Highmark Blue Shield also offers coverage on a wide variety of prescription drugs, for both medicare and non-medicare eligible recipients. As the cost of prescription drugs may be overwhelming for some, this is an important consideration when choosing Highmark, or any other health insurance provider. Fortunately, Highmark customers that select a pharmacy within the Highmark network will only be responsible for 10% of the cost of prescription medications, after meeting a $100 drug deductible. Additionally, customers may enjoy coverage of up to $50,000 a year on prescription medications.
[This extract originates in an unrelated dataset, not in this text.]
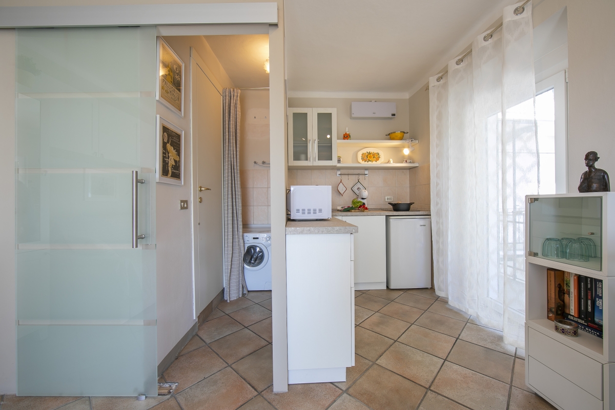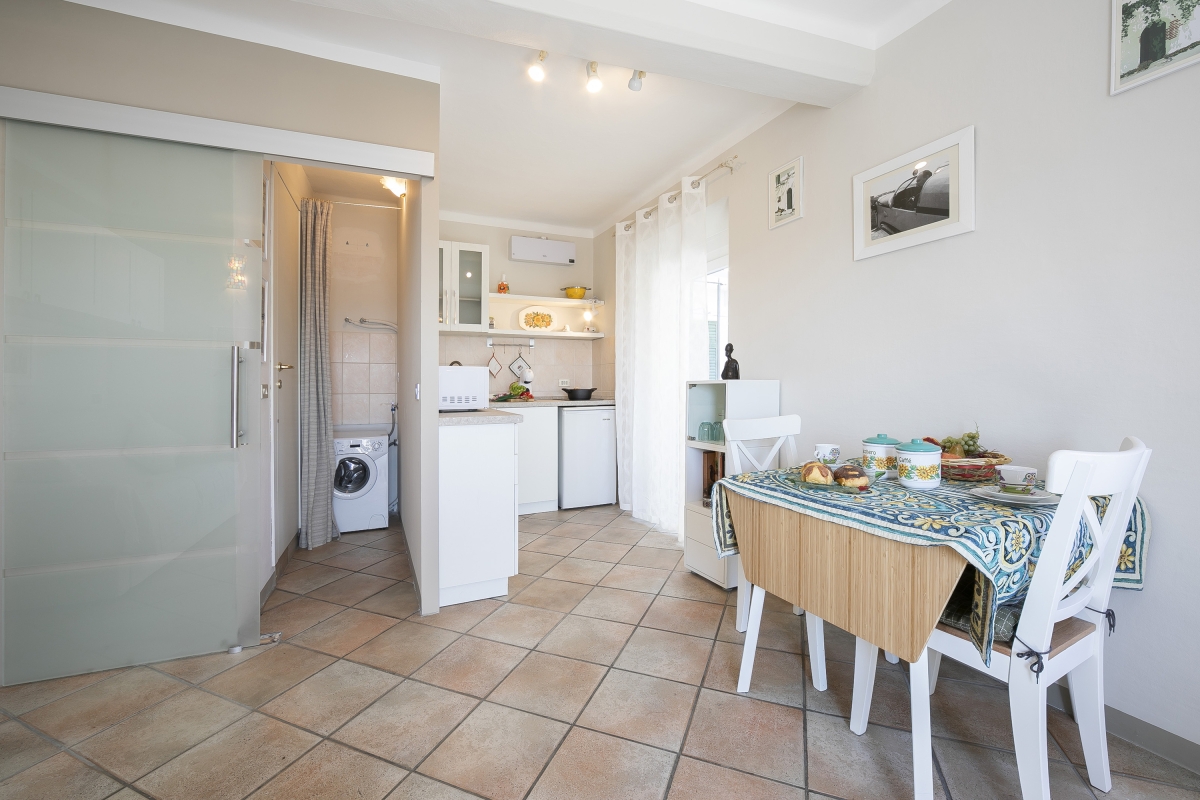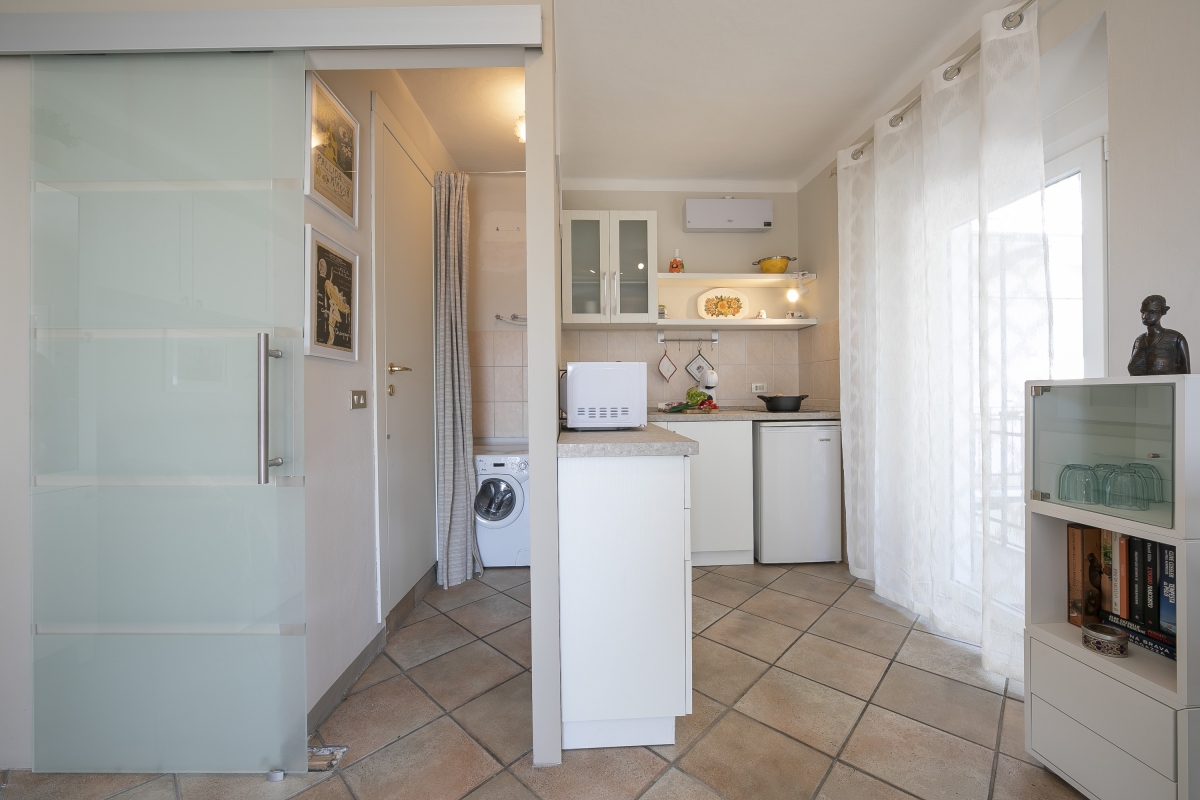 Located within convenient walking distance of the lake, this second-floor balcony studio in Lesa is ideal to unwind away from the hustle-bustle of city life. The apartment offers a panoramic-view balcony, where you can taste the first sip of your morning coffee or enjoy an aperitif in the calming atmosphere. Inside, the modern holiday rental is equipped with every comfort to ensure a carefree, self-catering lake stay. There is a flat-screen HDTV and a kitchenette with a dining table to prepare and enjoy meals at your own sweet pace. A microwave, Dolce Gusto coffee machine, induction hob and a fridge are available for guests’ comfort and convenience.

How To Choose A Highmark Blue Shield Insurance Program:

Highmark Blue Shield offers programs that vary in their deductibles, co-payments, coverage limitations, services that will be covered, covered physicians, and the percentage of covered services that the plan will pay. When choosing a health insurance plan, it is important to consider all of these factors, as well as your individual budget.

Highmark Blue Shield currently offers Preferred Provider Organization, or PPO plans, that offer customers up to $1,000,000 of coverage a year or $5,000,000 over a lifetime. When a customer chooses a health care provider within the Highmark network, he or she will enjoy a co-payment of only 10% once the plans deductible has been met. However, if a customer chooses a primary care physician outside of the Highmark network, he or she will be responsible for co-payments of 30% of the cost of health care, once their deductible has been met.

Highmark customers that select a hospital within the Highmark network will also only be responsible for co-payments of 10% the cost of hospital stays, once they have met their deductible and have gotten authorization. If a hospital is chosen outside of the Highmark Blue Shield network, Highmark will still pay 70% of the cost of a hospital stay, after the customer has met their deductible.

Highmark also offers customers a number of different deductible options to choose from. Indivuidals may choose deductibles of either $1,200, $2,600, and $3,500, while family deductibles range from $2,400, $5,200, and $7,000. This gives customers the flexibility of choosing a deductible that makes sense for them, while providing a monthly premium that fits into their budget. This level of flexibility in coverage, range of price options, and great customer service is what makes Highmark Blue Shield not only one of the largest health insurance providers, but one of the most highly regarded as well.